In this tutorial we will work through setting up Slurm Accounting. This is a pre-requisite for many features within Slurm, including job resource tracking and Slurm Federation. Starting in 3.3.0 Slurm accounting is setup directly in the ParallelCluster UI interface. This tutorial assumes you’re creating a cluster >= 3.3.0.
The first requirement is to setup an external database that Slurm can use to store the accounting data. Use the following CloudFormation Quick-Create link to create the database in your AWS account:
Deploy Accounting DatabaseChange the region in the upper right to create the database in a region separate from us-east-2
.
Change the following stack parameters:
The rest you can leave as default. Click create and wait ~30 minutes for the stack to create.

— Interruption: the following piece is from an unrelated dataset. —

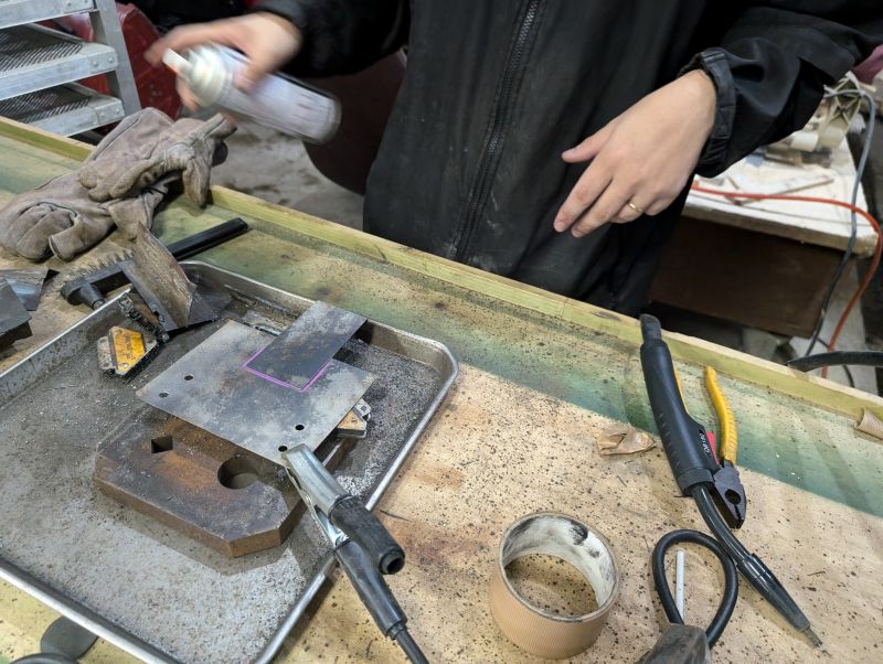 穴をあけたり、溶接(半自動)で組み付けて♪

Once the stack creation has completed, go to the Outputs tab of the stack and make note of the properties as they will be used in the creation of your cluster:
Next, go to ParallelCluster UI and choose the Create option to create a new cluster.

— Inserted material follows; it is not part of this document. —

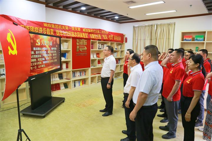 为深入学习贯彻党的二十大精神,进一步强化党员思想政治意识,激发党员干部干事创业精气神,5月30日,城投集团机关第一党支部、机关第二党支部联合开展“深化民族团结进步教育,铸牢中华民族共同体意识”主题党日暨“悦见·红湾”读书会活动。集团党委书记、董事长黄俊,集团领导班子成员吴泽莲、柳国忠、黄辉、邹雄斌、李桂山以普通党员身份参加活动。机关第一党支部书记汤彩燕主持会议。机关第二党支部书记谢慈政分享红色故事。

Under the HeadNode section, you’ll find a section called Slurm Properties. Enter in information from the cloudformation stack outputs for Database, Username, and Password, you can use the following mapping to go from CloudFormation to ParallelCluster UI:
Parameter | CloudFormation Stack Output |
---|---|
Database | DatabaseHost:DatabasePort |
Username | DatabaseAdminUser |
Password | DatabaseSecretArn |
Additional Security Groups | DatabaseClientSecurityGroup |
Also on the HeadNode tab, under AdditionalSecurityGroups select the DatabaseClientSecurityGroup
security group output from CloudFormation:
After you’ve configured the HeadNode, Filesystem and Queues, you’ll be asked to review the config. Here’s an example of what the SlurmSettings section should look like:
SlurmSettings:
Database:
Uri: slurm-accounting-cluster.cluster-hash.us-east-2.rds.amazonaws.com:3306
UserName: clusteradmin
PasswordSecretArn: arn:aws:secretsmanager:us-east-2:123456789:secret:AccountingClusterAdminSecre-hash2
You’ll see a warning like: Cannot validate secret arn:aws:secretsmanager:us-east-2:1234567890:secret:AccountingClusterAdminSecret due to lack of permissions. Please refer to ParallelCluster official documentation for more information.

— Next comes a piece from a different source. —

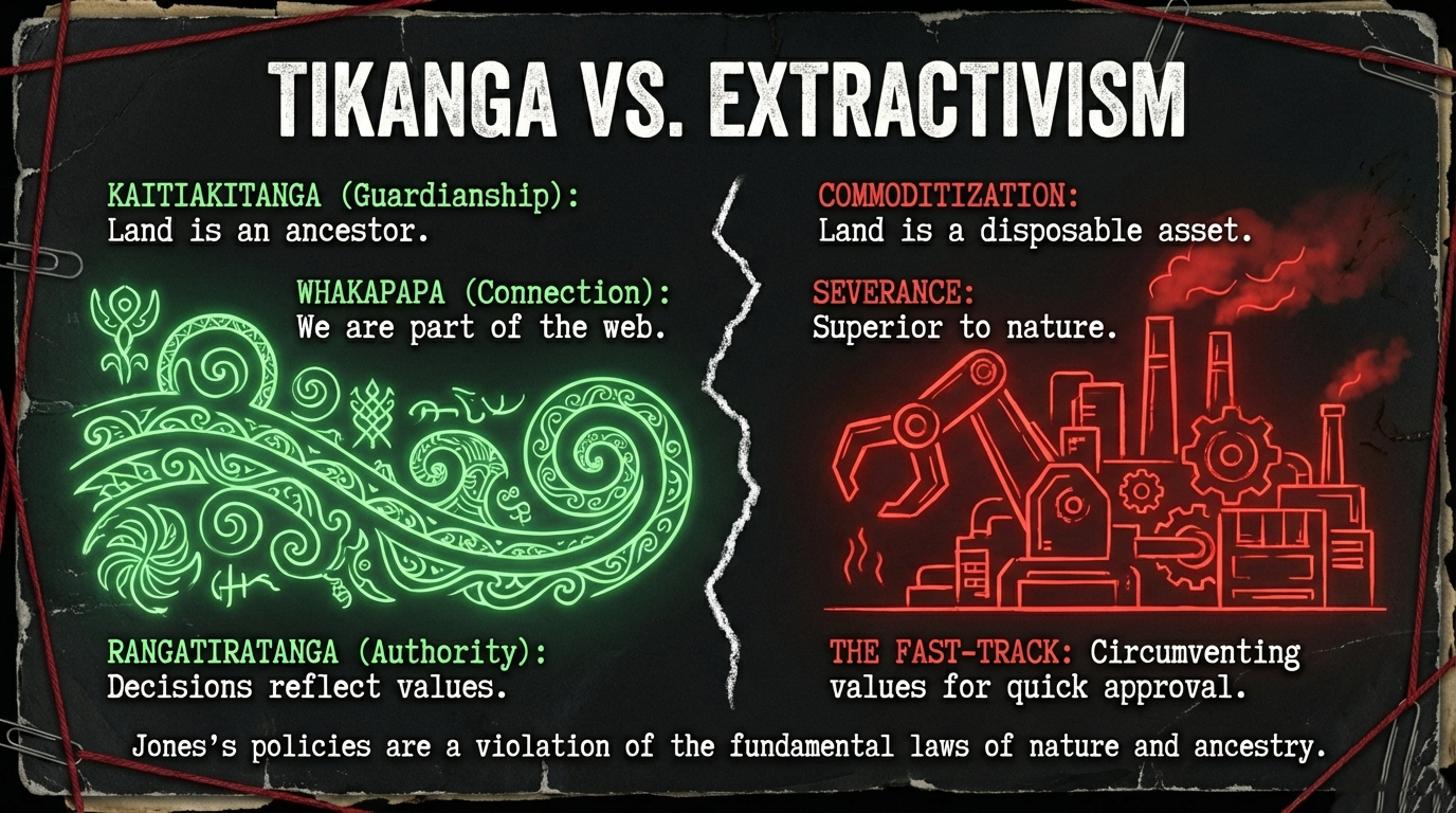 To understand the depth of harm Jones’s veto inflicts, we must examine it through te ao Māori—through the frameworks of kaitiakitanga (guardianship), mauri (life force), whakapapa (genealogical connection), utu (reciprocity), and rangatiratanga (self-determination).

which can be safely ignored.
Once the cluster has been successfully created, we can submit a job to see that accounting is working properly.
sbatch --wrap 'sleep 30'
Once you’ve submitted a job, you can see the job information under the Accounting tab
You can use any of the filters at the top to narrow down the number of jobs in the view to select specific jobs.
If you choose the Job ID in the left column you can see further detials about the job.